Graham had one of the more heated exchanges with Jackson, first over one of her rulings in an immigration case that he called “activism” followed by an extended discussion about her sentencing of people who have collected child pornography online. “Wait a minute, judge, you think it is a bigger deterrent, to take somebody who’s on a computer looking at sexual images of children in the most disgusting way, is to supervise their computer habits versus putting them in jail?” Graham said.
“No, senator, I didn’t say versus,” Jackson said.
“That’s exactly what you said,” Graham said, one of several times he interrupted her answers over the next few minutes.
Durbin at one point said: “Senator, your time has expired, and I’m going to give her an opportunity to finally complete an answer.”
Jackson had a back-and-forth with Cornyn about whether she agreed that accusing someone of a crime meant you are calling them a criminal. It referred to a question Cornyn asked Tuesday about a brief Jackson wrote while representing a detainee at Guantánamo Bay, Cuba, that referenced war crimes and, Cornyn had said, called President George W. Bush a “war criminal.”
Durbin took time in the hearing Wednesday to point out that she “was one of several lawyers in 2005 signing for essentially boilerplate habeas corpus petitions on behalf of detainees at Guantánamo that claimed the U.S. government had tortured the man and that such acts constitute war crimes.”
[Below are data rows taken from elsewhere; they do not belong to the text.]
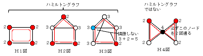 一見して、H1~H3図は赤線のように巡回できるのでハミルトングラフであり、、H4図は中央の黒ノートを左右から通るのでハミルトングラフではないことは自明であろう。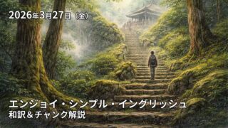 この記事は2026年3月27日の放送のEnjoy Simple English(エンジョイ・シンプル・イングリッシュ)の和訳、単語やチャンクの解説記事になります。ESEを使って英語を勉強したい方、中学英語の学び直しがしたい方、英会話を習得したい方などの英語学習をサポートするために記事を作成しています。ぜひご覧ください。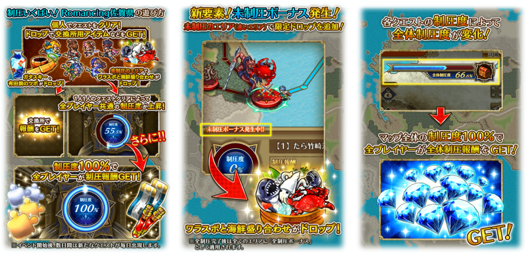 新イベント「制圧いくばい!Romancing佐賀県」では、プレイヤーがバトルクエストをクリアすることで佐賀県マップを制圧していく仕組みが実装され、「ガタスキー」や「有田焼のツボ」、「ワラスボと海鮮盛り合わせ」といった佐賀県にまつわるアイテムが登場したのです。

Jackson did not explicitly use the phrase “war criminal,” and under Cornyn’s questioning later, she said that it depends on the circumstances as to whether you’re calling someone a criminal. “I just don’t think that’s credible, judge,” Cornyn said of her answer.
But Jackson’s demeanor didn’t shake, making it likely that her performance at the confirmation hearing did not threaten support from the Democratic caucus, which can confirm her without the help of Republicans if they stick together.
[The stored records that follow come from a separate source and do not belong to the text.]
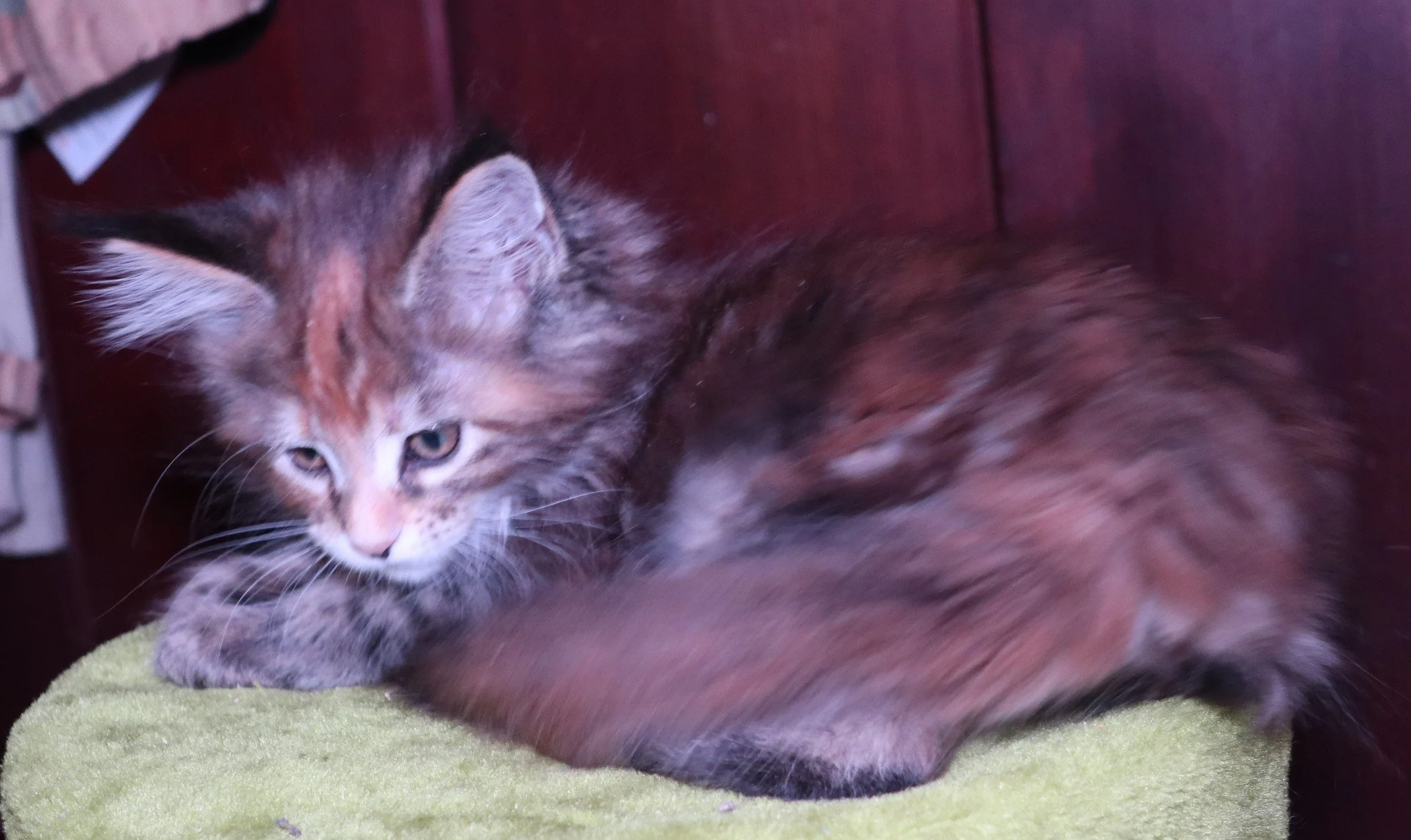Aria was born February 8, 2026. Her mother is Animali’s Queen Elizabeth and her father is MeowMeadows Prince Archie. She is a black tortoise shell. This little girls coat is so beautiful. It is hard to do her justice in a picture.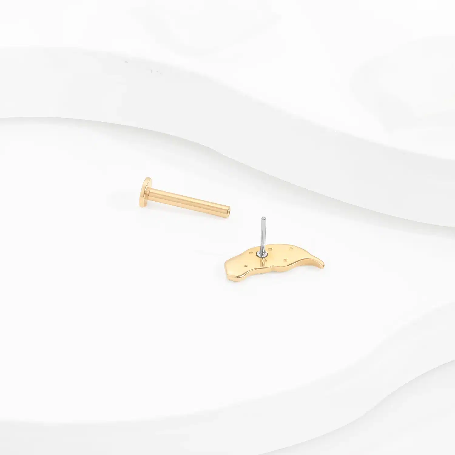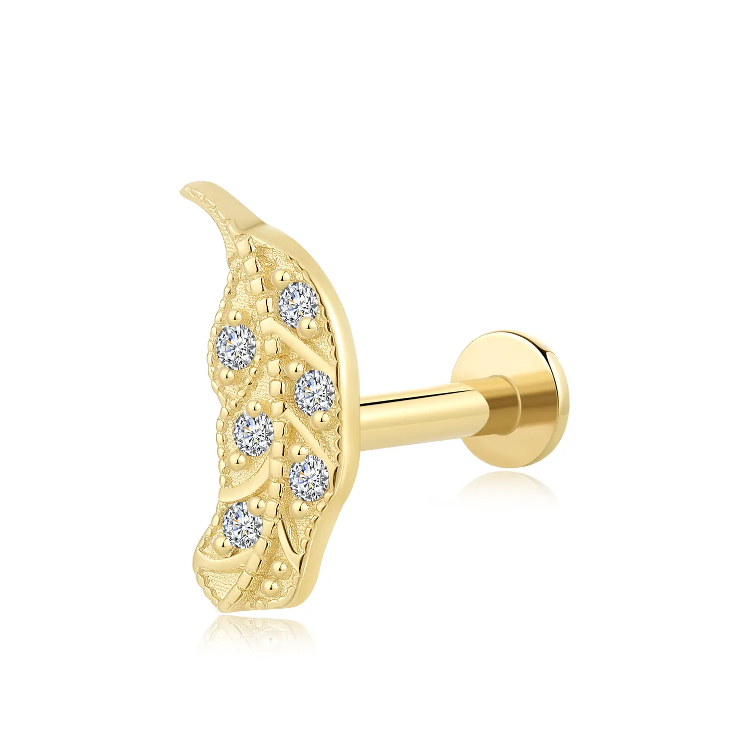 Sprout elegance with GUD50, a 14K gold labret stud inspired by the contours of a petaled bean, adorned with a glistening CZ stone.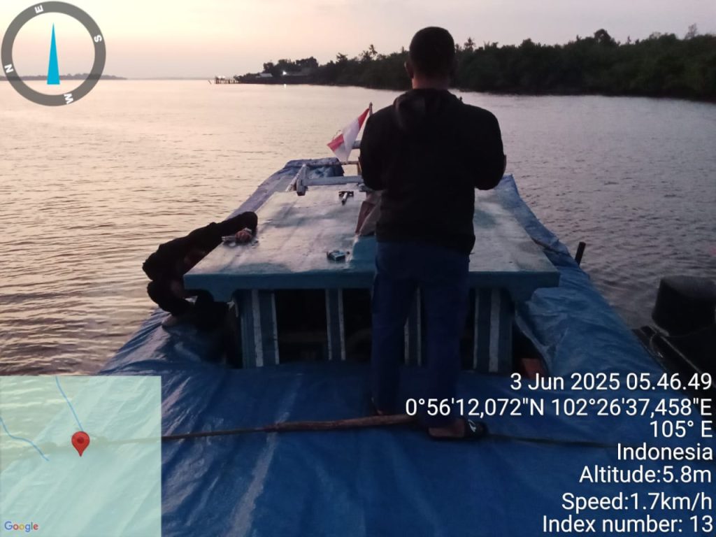 Bedasarkan informasi tersebut, tim gabungan berangkat menggunakan speedboad Sat Polairud menyusuri perairan Desa Kampung Balak dan perairan Selat Ringgit Desa Tanjung Peranap Pada hari Selasa tanggal 3 Juni 2025 sekira pukul 05.30 Wib, pada saat tim gabungan Sat Polairud dan Sat Reskrim Polres Kepulauan Meranti sedang melakukan penyelidikan di Desa kampung balak dan seputaran perairan Selat Ringgit Desa Tanjung Pranap Kecamatan Tebing Tinggi Barat.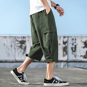 珀斯人亚麻休闲裤日系青年多口袋工装裤大码夏季男士直...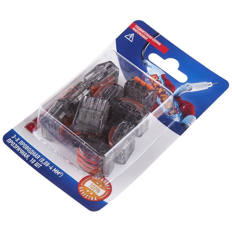 Универсальная клемма СМК 222-413, 3-проводная прозрачная 0,08-2,5/4 мм² (блистер 10 шт/уп) REXANT

Key Republicans had already predicted Jackson would be confirmed.
Jackson would be filling a vacancy created by the retirement of Justice Stephen G. Breyer, meaning her appointment would not change the conservative 6-3 ideological tilt of the Supreme Court.
Shortly after Cruz’s shouting match with Durbin, Nebraska Republican Sen. Ben Sasse asked Jackson about proposals to film Supreme Court hearings. “We should recognize jackassery we often see around here is partly because of people mugging for short-term camera opportunities,” Sasse said.
And when Cruz spoke again to try to introduce a letter, Vermont Democratic Sen. Patrick J. Leahy spoke up to stop him. “I know the junior senator from Texas likes to get on television, but most of us who have been here a long time try to follow the rules,” Leahy said.